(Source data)
......

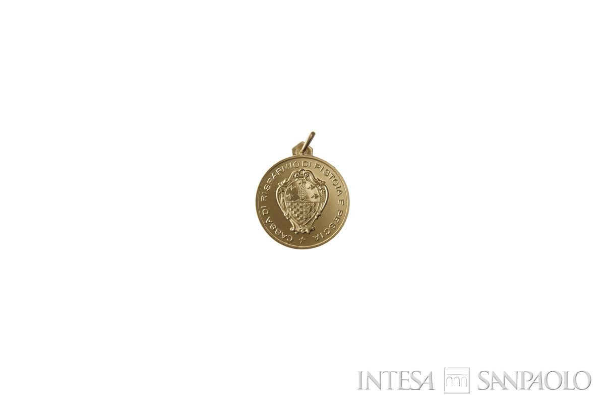 L'emblema che effigia il dritto della medaglia è stato realizzato e utilizzato a partire dal 1936 quando le due Casse, Pistoia e Pescia, si fusero (https://mappastorica.intesasanpaolo.com/bank/detail/IT-ISP-MAPPAITALIA-0000036/cassa-risparmio-pistoia-e-pescia).
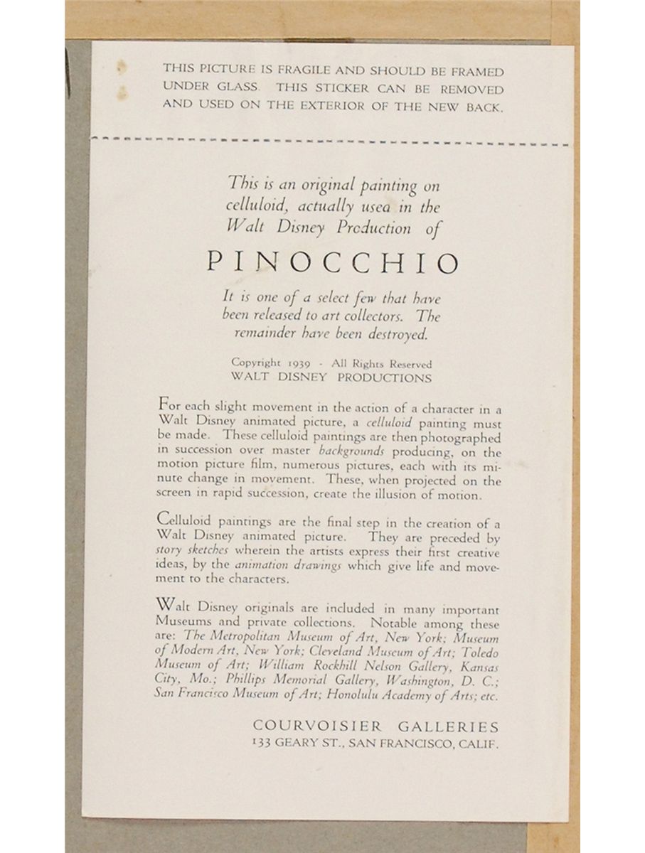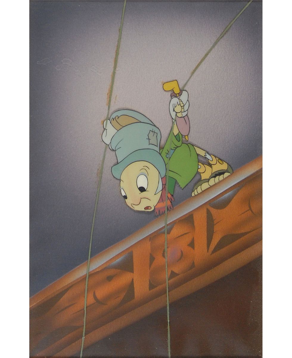 (Walt Disney Studios, 1940) Original production cel set-up featuring Jiminy Cricket from Pinocchio, showing him as the tramp in the beginning of the film. The cel has been trimmed and applied to an airbrushed background as prepared by Courvoisier Galleries for sale. Image measures 2.5 x 2.5, with a mat opening of 4.5 x 6.75. Mat dimensions are 10.5 x 13.75. The piece has the orginal Disney Courvoisier Galleries label on the reverse. In fine condition, with some chipping and soiling to the mat.
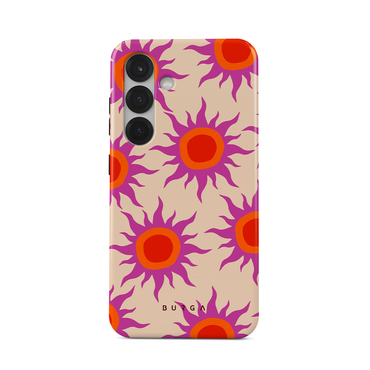 Discover the radiant serenity of the Sunset Glow design, a harmonious blend of soothing pastels and fiery suns. Vivacious viva magenta rays add a playful touch, perfectly balancing tranquility and dynamism. More than just a fashion accessory, this striking Samsung Galaxy S25 Plus phone case mirrors your unique personality and zest for life.
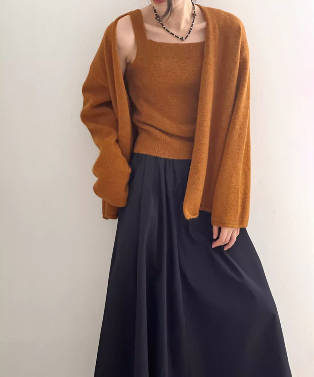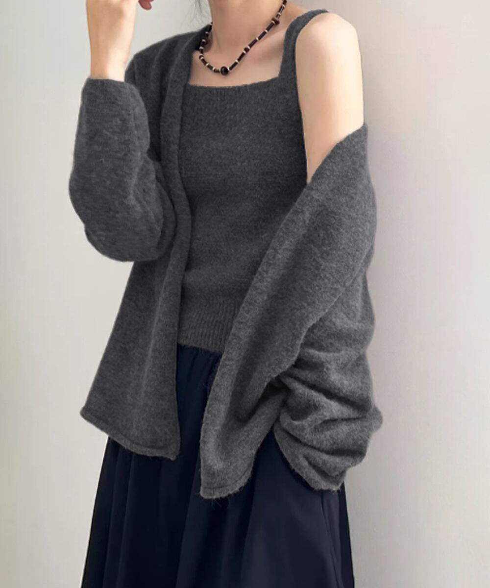 ベーシックなカーディガンとキャミソールの2点セットで、ひとつで重ね着コーデが完成。
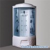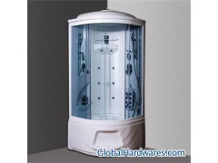 1. ABS base tray, back and resin coat. 2. 5mm glass 3. Chrome-plated brass towel rack (double bar) 4. Chrome-plated brass faucet, 4 gears 5. Prick massage nozzle 6. Round and white plastic handle 7. Tread drainer (incl. spill and discharge outlet) 8. Hoist shower head (chrome-plated, 3 gears with 5 functions, 1.5-m brass hose)
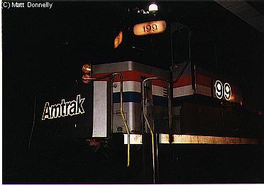 Amtrak GP40TC 199 in Syracuse, NY heading westbound around January 1995. In about an hour later that night, I saw the 198 going east on another train.

......

WHAT IS BEING ASKED: Could the data above be reproduced exactly, with the pictures left out?

EXPECTED OUTPUT:
 L'emblema che effigia il dritto della medaglia è stato realizzato e utilizzato a partire dal 1936 quando le due Casse, Pistoia e Pescia, si fusero (https://mappastorica.intesasanpaolo.com/bank/detail/IT-ISP-MAPPAITALIA-0000036/cassa-risparmio-pistoia-e-pescia).
 (Walt Disney Studios, 1940) Original production cel set-up featuring Jiminy Cricket from Pinocchio, showing him as the tramp in the beginning of the film. The cel has been trimmed and applied to an airbrushed background as prepared by Courvoisier Galleries for sale. Image measures 2.5 x 2.5, with a mat opening of 4.5 x 6.75. Mat dimensions are 10.5 x 13.75. The piece has the orginal Disney Courvoisier Galleries label on the reverse. In fine condition, with some chipping and soiling to the mat.
 Discover the radiant serenity of the Sunset Glow design, a harmonious blend of soothing pastels and fiery suns. Vivacious viva magenta rays add a playful touch, perfectly balancing tranquility and dynamism. More than just a fashion accessory, this striking Samsung Galaxy S25 Plus phone case mirrors your unique personality and zest for life.
 ベーシックなカーディガンとキャミソールの2点セットで、ひとつで重ね着コーデが完成。
 1. ABS base tray, back and resin coat. 2. 5mm glass 3. Chrome-plated brass towel rack (double bar) 4. Chrome-plated brass faucet, 4 gears 5. Prick massage nozzle 6. Round and white plastic handle 7. Tread drainer (incl. spill and discharge outlet) 8. Hoist shower head (chrome-plated, 3 gears with 5 functions, 1.5-m brass hose)
 Amtrak GP40TC 199 in Syracuse, NY heading westbound around January 1995. In about an hour later that night, I saw the 198 going east on another train.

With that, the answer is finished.